Records contained in a dataset:
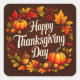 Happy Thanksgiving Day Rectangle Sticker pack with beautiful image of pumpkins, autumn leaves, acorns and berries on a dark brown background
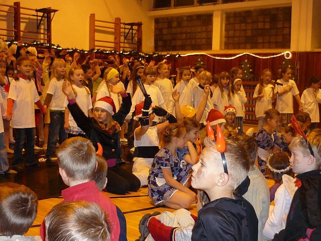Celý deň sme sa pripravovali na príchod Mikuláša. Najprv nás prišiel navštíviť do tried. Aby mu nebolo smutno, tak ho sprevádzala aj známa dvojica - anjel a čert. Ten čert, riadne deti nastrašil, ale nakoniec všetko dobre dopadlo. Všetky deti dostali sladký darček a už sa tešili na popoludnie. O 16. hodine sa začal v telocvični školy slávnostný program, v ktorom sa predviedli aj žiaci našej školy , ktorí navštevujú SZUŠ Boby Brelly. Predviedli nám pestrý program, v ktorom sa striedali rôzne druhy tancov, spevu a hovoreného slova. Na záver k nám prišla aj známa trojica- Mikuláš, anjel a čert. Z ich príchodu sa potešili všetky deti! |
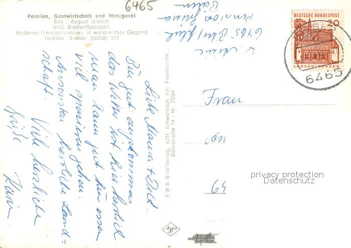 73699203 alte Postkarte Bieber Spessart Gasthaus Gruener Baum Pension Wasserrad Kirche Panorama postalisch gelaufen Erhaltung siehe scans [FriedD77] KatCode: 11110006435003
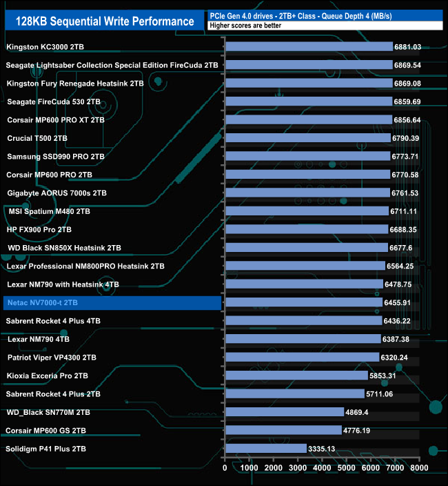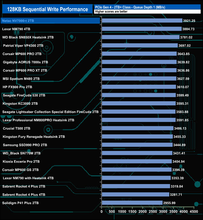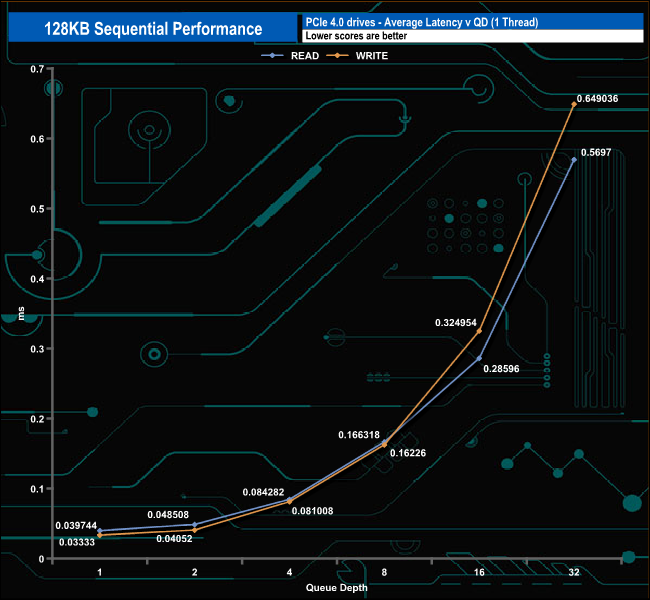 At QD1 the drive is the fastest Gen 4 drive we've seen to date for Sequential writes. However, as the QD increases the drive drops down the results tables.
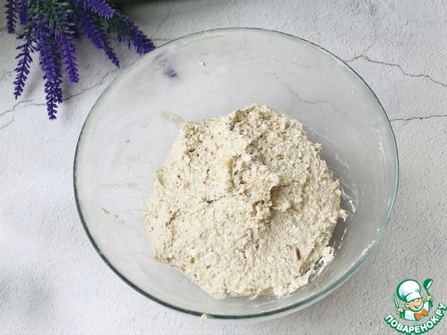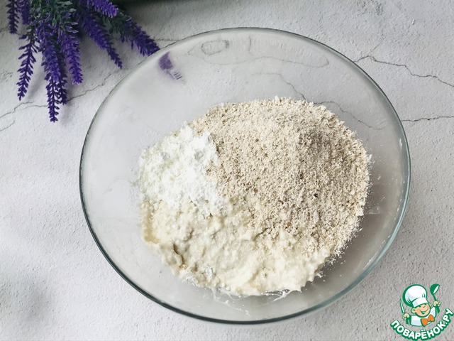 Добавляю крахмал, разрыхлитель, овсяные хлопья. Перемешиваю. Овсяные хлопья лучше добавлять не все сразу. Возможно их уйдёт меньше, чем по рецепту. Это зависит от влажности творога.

Prompt:
All lines from the start of the entries through the one with "Celý deň sme" are to be output exactly; omit the pictures.

Answer below:
 Happy Thanksgiving Day Rectangle Sticker pack with beautiful image of pumpkins, autumn leaves, acorns and berries on a dark brown background
Celý deň sme sa pripravovali na príchod Mikuláša. Najprv nás prišiel navštíviť do tried. Aby mu nebolo smutno, tak ho sprevádzala aj známa dvojica - anjel a čert. Ten čert, riadne deti nastrašil, ale nakoniec všetko dobre dopadlo. Všetky deti dostali sladký darček a už sa tešili na popoludnie. O 16. hodine sa začal v telocvični školy slávnostný program, v ktorom sa predviedli aj žiaci našej školy , ktorí navštevujú SZUŠ Boby Brelly. Predviedli nám pestrý program, v ktorom sa striedali rôzne druhy tancov, spevu a hovoreného slova. Na záver k nám prišla aj známa trojica- Mikuláš, anjel a čert. Z ich príchodu sa potešili všetky deti! |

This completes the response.